Standing on one leg builds the muscles in your legs, hips and bottom (your gluteal muscles or ‘glutes’), which gives you more strength to better enjoy many of life’s activities. It also makes you less likely to fall.


Improved coordination

Every time you challenge your balance, like standing on one leg, your eyes, muscles and joints send feedback to your brain, which then begins to make new nerve connections and recalibrate the coordination between your eyes, ears, muscles and joints. And all that improves your coordination.


Better posture

Balancing also strengthens the muscles that align your spine, which can alleviate back pain and improve your posture.


Reduced stress levels

Balancing requires focus and concentration, which can help to keep you in the moment and reduce stress.


Protected joints

Balancing strengthens the muscles that support the joints in your legs, protecting them from damage.


It’s never too late

Whatever time you managed in the tests, you can improve it.
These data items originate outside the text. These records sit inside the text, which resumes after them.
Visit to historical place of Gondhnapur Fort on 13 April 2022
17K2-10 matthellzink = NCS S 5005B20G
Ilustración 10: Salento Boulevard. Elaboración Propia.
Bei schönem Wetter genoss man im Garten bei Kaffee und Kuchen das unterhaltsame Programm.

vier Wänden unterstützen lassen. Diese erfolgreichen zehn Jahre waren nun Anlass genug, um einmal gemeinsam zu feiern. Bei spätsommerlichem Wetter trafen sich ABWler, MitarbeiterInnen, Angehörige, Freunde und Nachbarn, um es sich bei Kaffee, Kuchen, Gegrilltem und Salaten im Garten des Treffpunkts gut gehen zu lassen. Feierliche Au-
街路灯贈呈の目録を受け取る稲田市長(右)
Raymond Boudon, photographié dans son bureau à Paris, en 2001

It’s important to keep challenging your balance to keep all those nerve connections strong. So it’s a good idea to include some formal balance exercises from about the age of 60. The good news is, that your balance can improve surprisingly quickly with practice.

An easy step to better balance

An easy way to begin improving your balance is to stand on one leg while cleaning your teeth. You can use one leg in the morning and the other leg at night, or one leg while flossing and the other one while brushing. A first, make sure you stand next to something you can hold onto, such as a basin or towel rail, in case you begin to wobble.
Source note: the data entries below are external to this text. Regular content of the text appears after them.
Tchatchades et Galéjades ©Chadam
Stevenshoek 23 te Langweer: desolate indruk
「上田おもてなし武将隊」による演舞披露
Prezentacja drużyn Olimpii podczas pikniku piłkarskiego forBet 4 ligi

When that gets easy, start turning your head slowly from side to side while still standing on one leg. That challenges your vestibular system.


When you’ve mastered that, try doing it with your eyes closed. But be careful! Without the significant input from your vision, your brain has to work very hard to use only your vestibular system and proprioception to keep you balanced. It makes a great workout for your brain.


Remember to keep making it a bit harder as you master each step, so that you continue to challenge your body and improve.


Want more?

Another great version involves balancing on the ball of your foot, demonstrated here by Dr Peter Attia, a specialist in longevity medicine. Try it while waiting for the kettle to boil or the bus to arrive. (Video 2:45 mins)

Want less?

If you need to start with something gentler, the following video from the Royal Osteoporosis Society will be perfect for you. It guides you through a series of easy balance exercises that you can even begin while sitting down. (Video 17:15 mins)

Ongoing benefits

As long as you work some balance exercises into your everyday activities you will reap the many rewards:

  • Reduced risk of falls

  • Stronger muscles

  • Improved coordination

  • Better posture

  • Reduced stress levels

  • Protected joints

And you can move through your world with better strength and confidence.

Strike the right balance in your life!